Over 40? Keep Your Eyesight at its Best
Duplication of our body cells over the years will become a little weaker and that’s normal. So it is with our eye cells. A decline in your eyes’ performance is more-or-less to be expected as you age, especially after 60.
There are normal eye changes that happen as we get older, such as presbyopia which isn’t a disease of the eyes. Presbyopia may begin to cause problems with vision in your 40’s, and, although you may be able to temporarily compensate by holding your reading material farther away, sooner or later, you’ll need glasses.
However, there are some more severe age-related eye diseases. These can more seriously affect our life in old age. We should take conditions such as macular degeneration, glaucoma, cataracts, and diabetic retinopathy seriously.
At What Age Do Eye Changes Begin to Occur?
Due to the hardening of the eye lens, in our 40’s, most of us will notice that it’s a little more difficult to focus up close on words, especially fine print. This condition of the hardening of the lens in the eye is called presbyopia. Most people find that their arm becomes too short to be able to hold the reading material out far enough, so they end up getting reading glasses, or bifocals.
Options are available to correct presbyopia. Nowadays, LASIK is popular and there are also corneal inlays, conductive keratoplasty, or a procedure called refractive lens exchange. Into their 50’s and beyond, most people will experience advancing presbyopia and require frequent upgrades in glasses or contact lens prescriptions. In some cases, a single prescription doesn’t suffice for all your visual needs. You may need a pair of glasses for normal tasks and a different pair to help focus on intermediate ranges like on the computer.
Since 50% of Americans over 65 suffer from some level of cataract formation, it’s also considered an age-related eye disease. With seniors over 70, the percentage is yet higher. Cataracts are such a widespread condition that it has been estimated there will be 30 million Americans with them by the year 2020. Therefore, for anyone who notices visual changes due to cataracts, it’s wise to see your doctor for help. If your doctor confirms cataracts, then depending on the cataract stage you can decide to either control cataracts with a simple NAC Eye Drops or go for the cataracts surgery. The sooner your cataracts are removed, the better. You don’t want to allow them to advance in any case.
There are many options out there that can preempt the need for glasses. Some people don’t like to have to wear glasses for driving, etc. In these cases, there are multi-focal lens implants or accommodating intraocular lenses that can restore all ranges of vision. Keeping your eyes healthy even as they age is quite doable with a little effort.
You may also like: Blurry Vision? It May Be Cataracts
More Serious Age-Related Eye Conditions
With senior Americans, macular degeneration is the highest rated cause of blindness. It is also known as age-related macular degeneration or AMD. And, more than 2 million in the US have it, according to statistics related by the National Eye Institute (NEI). Moreover, that number is expected to rise to more than double by 2050 to 5.4 million.

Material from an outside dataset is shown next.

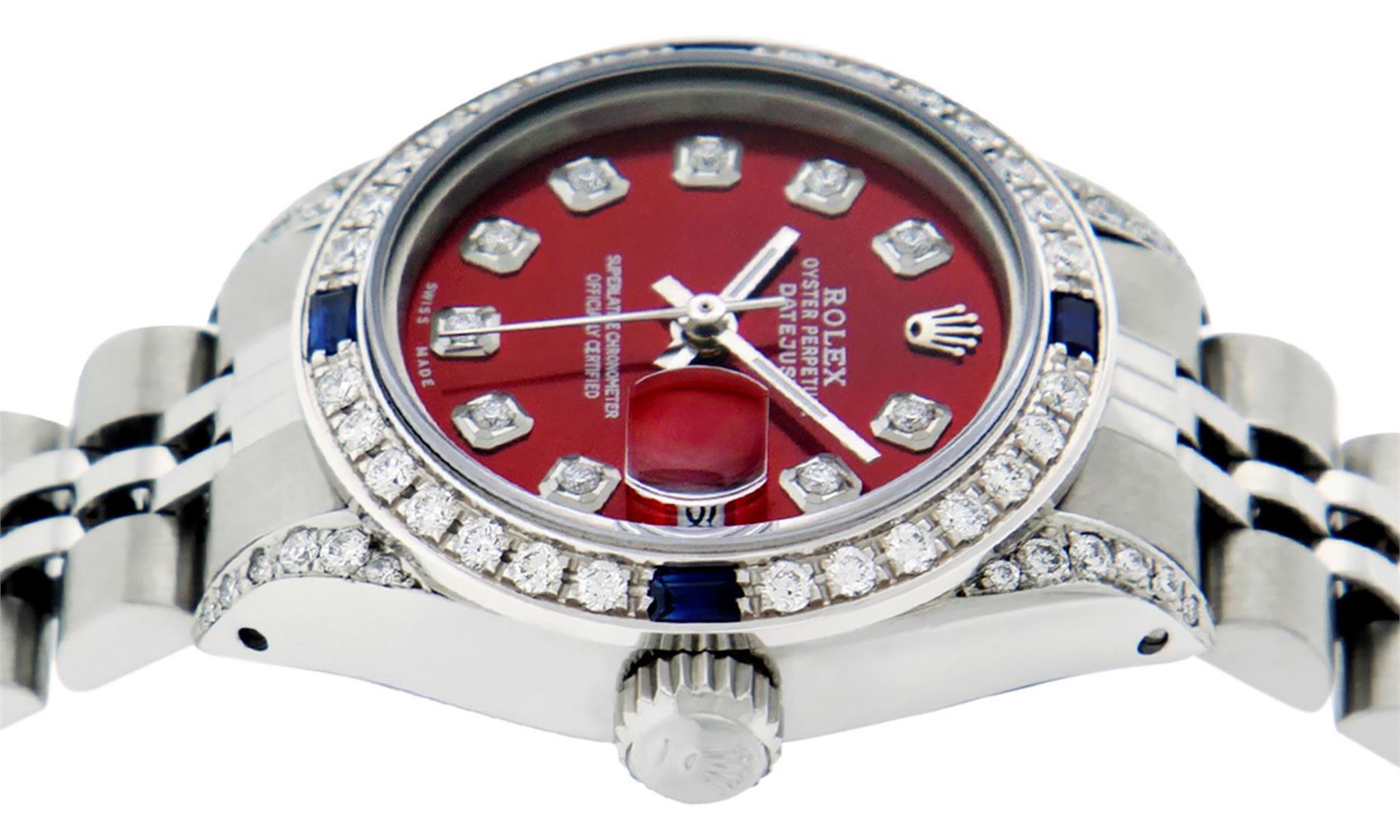 One Ladies Stainless Steel Rolex Datejust Polished Bright with Satin Finish, Serviced & Electronically Tested, Stainless Steel Case: 26mm, Stainless Steel Crown, Diamond Lugs: 24 Diamonds On Lugs, Clarity: SI-VS, Color: G to H. Custom Bezel: New 18K White Gold Diamond & Sapphire Beadset Bezel, Diamond Count: 28 Diamonds + 4 Sapphires, Total Weight .70 Carat, Clarity: SI-VS, Color: G to H. Custom Crystal: New Synthetic Sapphire Cyclops Lens. Custom Hands: New Luminescent Hands. Movement: Automatic Winding Movement Caliber 2030. Custom Dial: Refinished Red Diamond Dial, 10 Diamonds in Dial, G To H In Color, Clarity: SI-VS. Date Window: 3 O'clock Position Date Display, Model: Datejust Condition: G-6 Extra Fine. Bracelet: Stainless Steel Jubilee. Bright Polish & Satin Finish. 6.0 Inch Length, Adjustable. Standard Clasp, With Rolex Logo. This Watch Has Been Serviced Time Tested And Is In Excellent Condition It Is Free Of All Scratches And Dents.

Unfortunately, an estimated 40% of diabetics over the age of 40 suffer from some degree of diabetic retinopathy, according to NEI. This is a serious condition that can lead to blindness.
As we age, our risk of glaucoma increases with every decade after 40 years of age. In your 40’s, the risk is 1%. By the time we reach our 80’s, it’s 12%. Genetics have something to do with it. There will be a 50% increase in incidents of glaucoma by 2020.
The Effects of Aging on Other Eye Structures
Our eyes change in various ways as we age. Some of these changes include and are not limited by:
Reduction of Pupil Size
The muscles surrounding our pupils can weaken as we get older. As a result, the pupil actually becomes smaller and less able to adjust to changes in lighting. Due to this, people in their 60’s require 3x more light than people in their 20’s. In addition, sunlight can daze seniors more easily than younger people, especially when going from a dimly lit building into the daylight. Photochromic lenses and anti-reflective coating can help with this problem.
The human body produces less tears as we get older, especially post-menopausal women. For this reason, artificial tears or eye-drops are available for comfort throughout the day. Your doctor can also prescribe dry eye medication.
Loss of Peripheral Vision
The field of vision can decrease in size by one to three degrees for every decade of life. That means that when we reach 70 to 80 years of age, we may have lost 20 to 30 degrees of our peripheral vision.As a result of this loss of visual field, there’s a higher risk of accidents on the highway. This is one reason why seniors should look both ways when approaching intersections.
Colors may become duller with less contrast. That’s because the cells in the retina that detect colorlose their sensitivity as we grow older. The result is that colors lose their intensity with less contrast between colors. Blues may fade or be washed out. We don’t have a treatment yet for this condition. So, it’s something to be aware of, especially where it affects your career.
In some people, the vitreous inside the eye will start to liquefy, pulling away from the retina. This causes “spots and floaters” and, possibly, flashes of light. Although it is generally harmless, it can also signal the onset of a detached retina. Moreover, this is quite a severe problem that can result in loss of sight if it isn’t treated quickly. Therefore, if you have flashes or floaters, it’s wise to see an eye doctor.